With a pond that small your cats and bass will eat everything up and starve. One or the other works well and crappies and gills a must. Gills keep the big fish fed. Might consider the 2nd plan. Also how deep? Do they have constant fresh water? If so how much on a heavy rain? Wouldnt want your pond swept away! Some use a gravel pit to handle run-off. Wouldnt want a neighbor ticked because your flooding him out.


----------



## bountyhunter

theres more to a pond than digging a hole and puting water in. the earth in layers ,will find away to leak out if not done right. mines 2ac . built 30yrs back . never leaked . guy took out the dirt in one pile clay in another . then REpacked the pond with the clay . more to it but if you just dig a hole its gonna leak . don;t put fish in till you get some plant life going . they;ll starve to death.


----------



## flyguy

Get a copy of the ODNR pond management guide....it will be a big help. Planning your new pond will be a lot better winter activity than watchiing TV!


----------



## jkeeney20

SO this size is almost pointless, is that what you are saying?


----------



## Salmonid

Any size pond will if it doesnt leak water, support "x" amout of fish, question is how many would it support. If you wanted all bluegills, would hold a ton of em with a short while before there was a point that you reached maximum carrying capacity. at that point the bluegills would over populate, dwindle down the food supply and then all become stunted. The key here is to figure out the food supply for what specis you want, so if you want bass, you better have plenty of bluegills and stock goldn shiners, if you want cats, better plan on feeding them at least for a while, if you want crappies you better stock plenty of minnows and if you want bluegills, youll ned to make sure the pond has propper spawning habitat and shallows for plant life. All these things must be taken into place to understand how to balance the pond for the types of fishing you want. I once had a neighbor with a pond about 50 feet around, a little backyard pond, it held about a dozen bass between 1-3 lbs and about 50 bluegills and he had 5 channels in it, all real nice ( 6-8 lbs. ) it appeared that is all the pond could support but for many years it was always the same, I might add he got tired of catching the same fish all the time. 

Now if cost wasnt an issue, I definately would go with the bigger and preferably deeper pond site but cost is ALWAYS an issue so youll have to do the best you can.

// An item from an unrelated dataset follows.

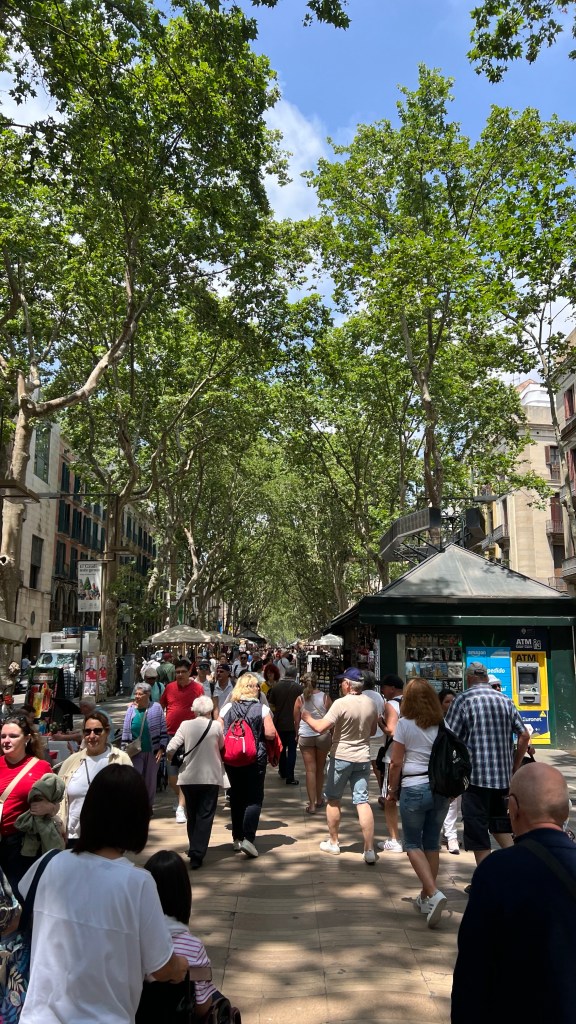 - La Rambla a Tržnica de la Boqueria – najhlavnejšia a asi najpreplnejšia ulica v Barcelone. Dlhá mestská tepna, ktorá končí až pri námestí La Placa de Catalunya. Veľké pozitívum je, že celá ulica je prekrytá stromami takže ti nebude piecť hlavu. Približne v strede ulice je veľká tržnica, ktorá som mal pocit, že bola preplnená ešte viac ako samotná La Rambla. Áno nájdeš tu všelijaké pochúťky, od rýb, mäsa, ovocia, sladkosti .. mňa však odradilo tých milión ľudí. Nie je si ani poriadne kde sadnúť a tak som si svoj fast food musel vychutnať vonku na kraji chodníka.

Check out the pond website www.pondboss.com and go to the "ask a question" message boards you can find out anything youll ever need there. 

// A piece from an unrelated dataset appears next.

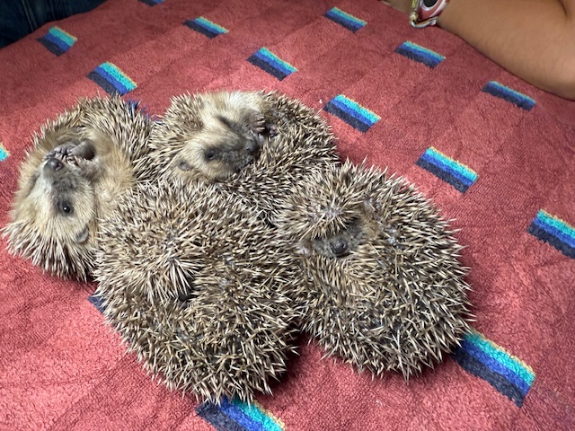 Le 17/08/2025 : 2 jours après, les bébés sont pesés. Ils ont déjà bien grossi et commencent à avoir des petits piquants noirs

FWIW, I had a pond built over the last 2 years and now am at about 80% full so will be stocking my baitfish early in April and then again stocking the gamefish in early July so the baitfish can spawn at least 1 time before I put all those hungry mouths into it.

Salmonid


----------



## Toolman

Jkeeny,

Any body of water will have it's limitations on how much biomass it can support. Size/volume is one of the limiting factors. How fertile the water is would be another. Personally I would make the pond as big as the area you have available with how much excavation you can afford. 'Gills are an importatnt food source, as they spawn several times per year and provide YOY for bass and other preds. Everyone has their views on how to manage a pond. I personally wouldn't introduce any cats for the first couple of years. They can be useful to control 'gills or crappie if they get too numerous and the bass can't keep them under control butthey are eating machines. 7 years ago I stocked hybrid 'gills, white crappies, and perch (along with fathead minnows) and no LM bass (have another pond with LM) into mine and they all grew quite well. I also introduce about 15 saugeyes and 6 smallmouth bass as a top of the food chain predator to keep some control over the panfish. Some of the 'eyes and smallies grew very quickly, and some did not. All the panfish grew quite well, especially the perch (Lake Erie size in 3 years) but their numbers seem to have dwindled dramatically...maybe a fav of the toothy critters? 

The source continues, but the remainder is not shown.